START Material provided

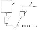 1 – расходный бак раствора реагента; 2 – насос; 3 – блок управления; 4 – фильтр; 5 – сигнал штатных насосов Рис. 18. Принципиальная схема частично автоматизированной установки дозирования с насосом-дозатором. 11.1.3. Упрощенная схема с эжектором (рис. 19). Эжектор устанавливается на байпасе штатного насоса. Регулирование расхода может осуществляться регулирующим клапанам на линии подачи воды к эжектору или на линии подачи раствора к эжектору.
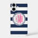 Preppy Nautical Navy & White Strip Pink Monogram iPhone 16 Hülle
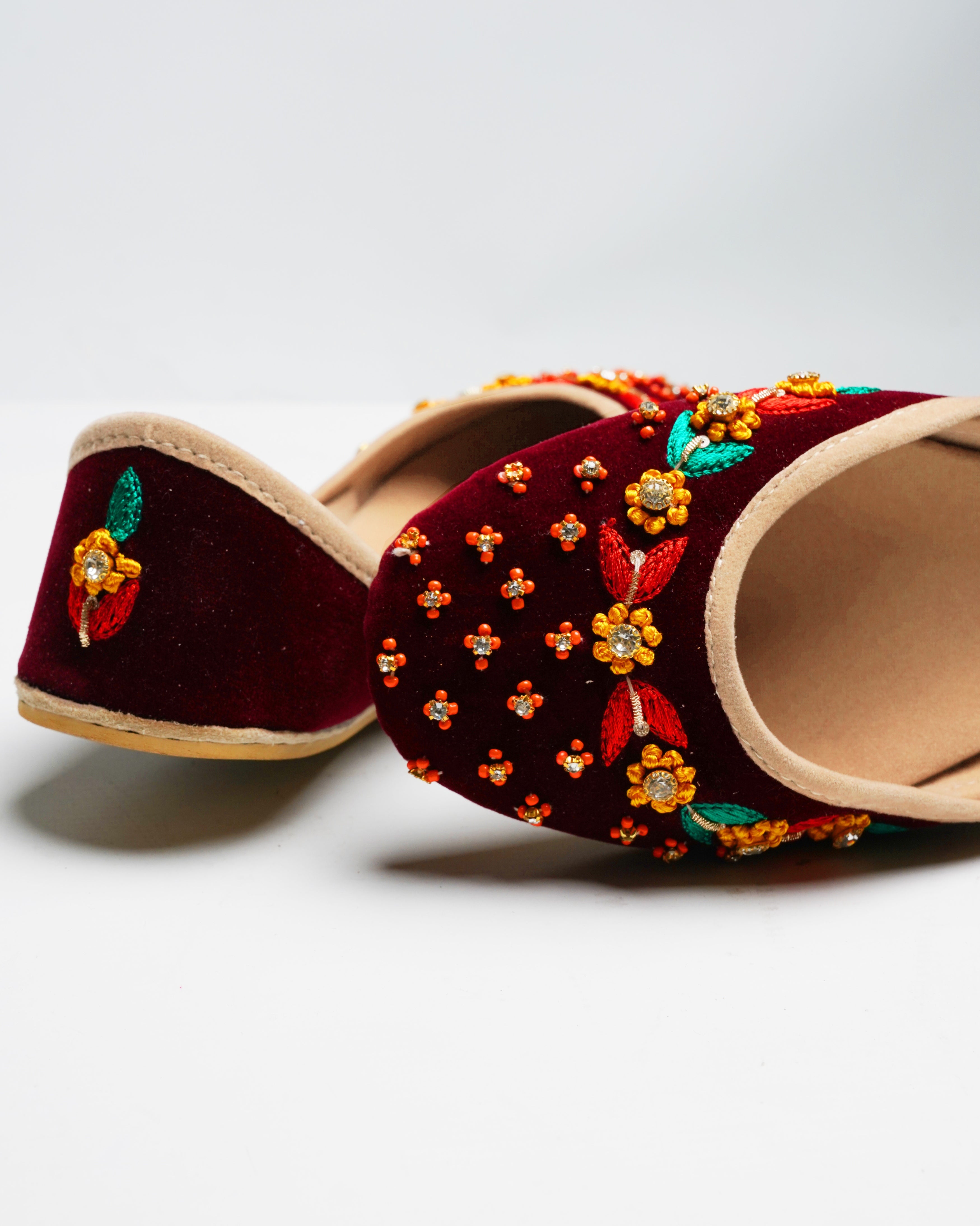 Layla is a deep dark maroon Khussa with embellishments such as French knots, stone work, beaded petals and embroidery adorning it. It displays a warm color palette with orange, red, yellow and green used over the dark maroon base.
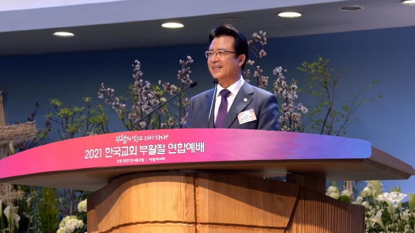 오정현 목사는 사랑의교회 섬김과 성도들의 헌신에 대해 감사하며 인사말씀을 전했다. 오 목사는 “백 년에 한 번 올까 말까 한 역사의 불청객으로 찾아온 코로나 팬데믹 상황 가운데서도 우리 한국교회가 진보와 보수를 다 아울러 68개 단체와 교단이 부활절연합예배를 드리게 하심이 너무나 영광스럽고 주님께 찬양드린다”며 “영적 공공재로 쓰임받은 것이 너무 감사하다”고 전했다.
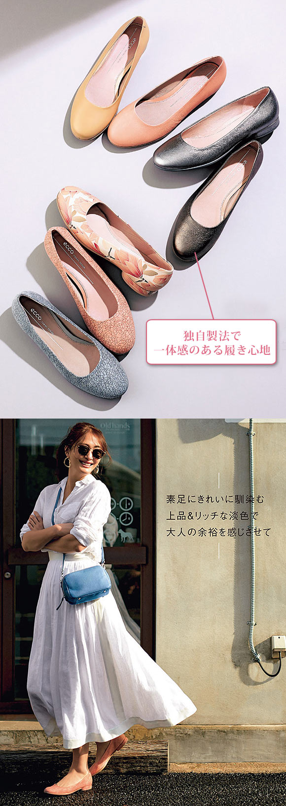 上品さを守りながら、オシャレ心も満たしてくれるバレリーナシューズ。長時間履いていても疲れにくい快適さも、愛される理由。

END Material provided

Assigned task.
Images must not appear; print each record precisely as it reads.

Task solution.
 1 – расходный бак раствора реагента; 2 – насос; 3 – блок управления; 4 – фильтр; 5 – сигнал штатных насосов Рис. 18. Принципиальная схема частично автоматизированной установки дозирования с насосом-дозатором. 11.1.3. Упрощенная схема с эжектором (рис. 19). Эжектор устанавливается на байпасе штатного насоса. Регулирование расхода может осуществляться регулирующим клапанам на линии подачи воды к эжектору или на линии подачи раствора к эжектору.
 Preppy Nautical Navy & White Strip Pink Monogram iPhone 16 Hülle
 Layla is a deep dark maroon Khussa with embellishments such as French knots, stone work, beaded petals and embroidery adorning it. It displays a warm color palette with orange, red, yellow and green used over the dark maroon base.
 오정현 목사는 사랑의교회 섬김과 성도들의 헌신에 대해 감사하며 인사말씀을 전했다. 오 목사는 “백 년에 한 번 올까 말까 한 역사의 불청객으로 찾아온 코로나 팬데믹 상황 가운데서도 우리 한국교회가 진보와 보수를 다 아울러 68개 단체와 교단이 부활절연합예배를 드리게 하심이 너무나 영광스럽고 주님께 찬양드린다”며 “영적 공공재로 쓰임받은 것이 너무 감사하다”고 전했다.
 上品さを守りながら、オシャレ心も満たしてくれるバレリーナシューズ。長時間履いていても疲れにくい快適さも、愛される理由。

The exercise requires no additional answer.